Copy word for word the lines in the records below, starting at the line with "2023秋上册六年级英语人教PEP版 期末过课本·高频易错梳理练" and ending at the line with "Una verdadera lucha". Skip the pictures.

---------------

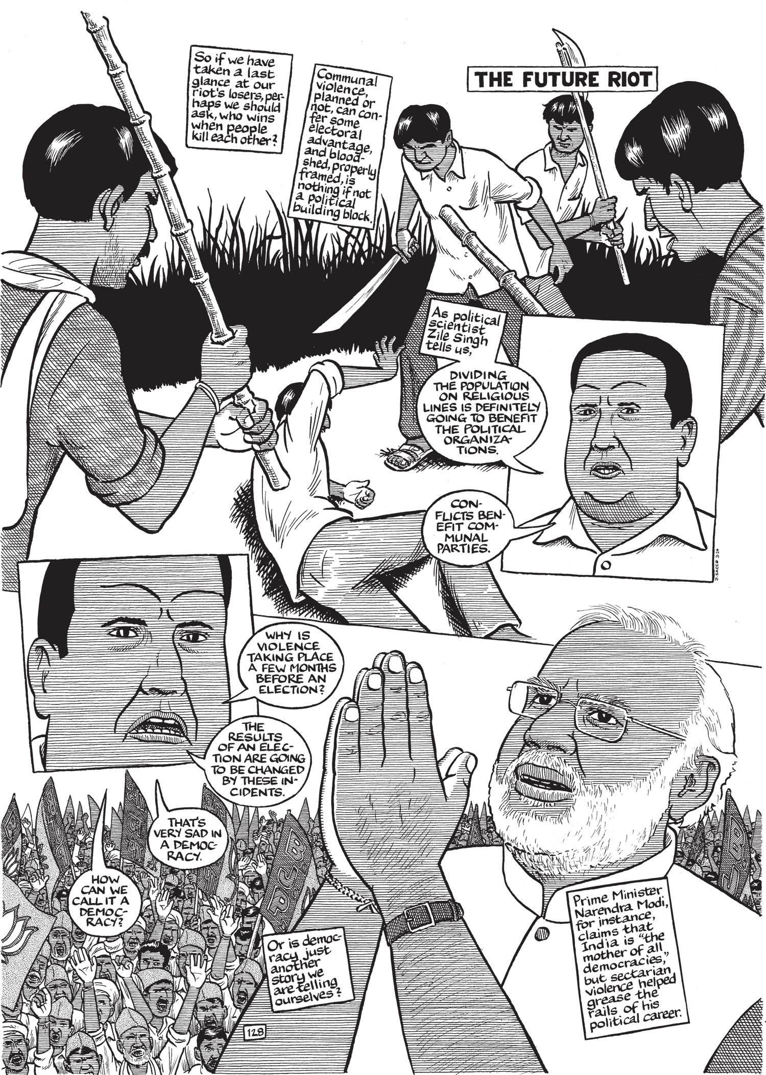 Joe Sacco is an award-winning journalist who uses comics as the medium for his reportage. He was born in Malta in 1960 and raised in Australia and then the US, studying journalism at the University of Oregon. His breakthrough work, Palestine, based on his reporting from Gaza and the West Bank, won him an American Book award in 1996. His other notable publications include Safe Area Goražde (covering the war in Bosnia) and Footnotes in Gaza. Sacco’s latest book, The Once and Future Riot, explores the aftermath of violent confrontations between Jat Hindus and Muslims in Uttar Pradesh in 2013. He lives in Portland, Oregon.
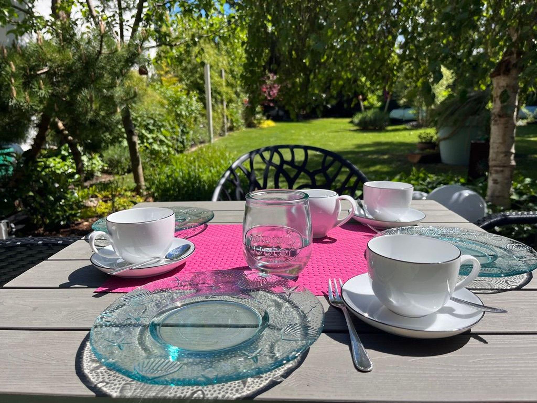 Im Erdgeschoss befindet sich der Wohnbereich mit Kaminofen, die Diele, die Küche und das Bad.
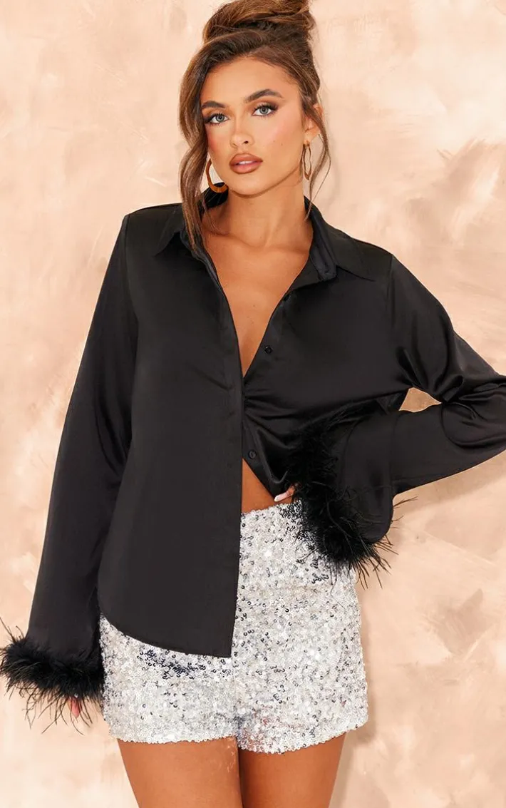 Stand out from the crowd with this shirt. Featuring a black premium material with feather trim detailing, we’re obsessed. Pair this with matching shorts and heels for a look that will have the spotlight on you.
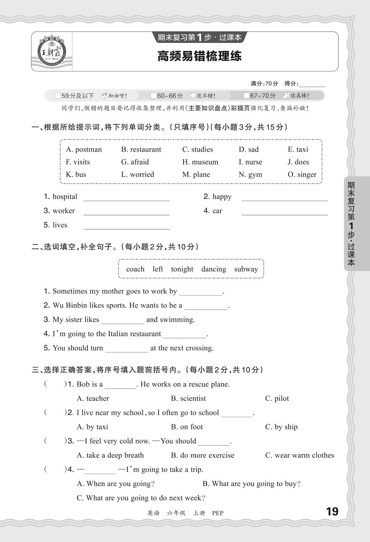 2023秋上册六年级英语人教PEP版 期末过课本·高频易错梳理练
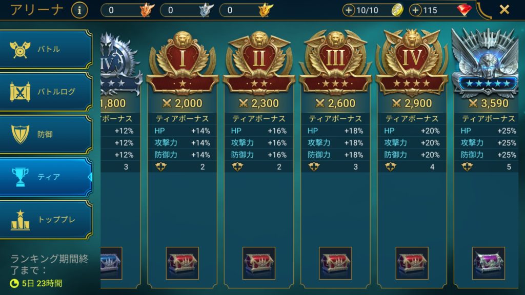 アリーナ戦は毎週報酬があり、上の階級に行くほど報酬が豪華になります。
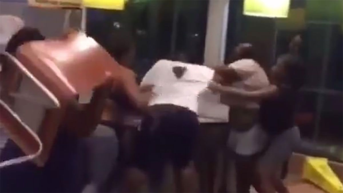 Una verdadera lucha sin cuartel se desató en una sucursal de McDonald’s cuando cinco mujeres armaron una pelea en donde volaron pelucas y sillas por todos lados.
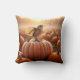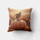Ein kleiner Vogel mit ausgebreiteten Flügeln singt auf einem großen Kürbis in einem Kürbisfeld bei Sonnenaufgang

---------------

Solution for this exercise =>
 2023秋上册六年级英语人教PEP版 期末过课本·高频易错梳理练
 アリーナ戦は毎週報酬があり、上の階級に行くほど報酬が豪華になります。
 Una verdadera lucha sin cuartel se desató en una sucursal de McDonald’s cuando cinco mujeres armaron una pelea en donde volaron pelucas y sillas por todos lados.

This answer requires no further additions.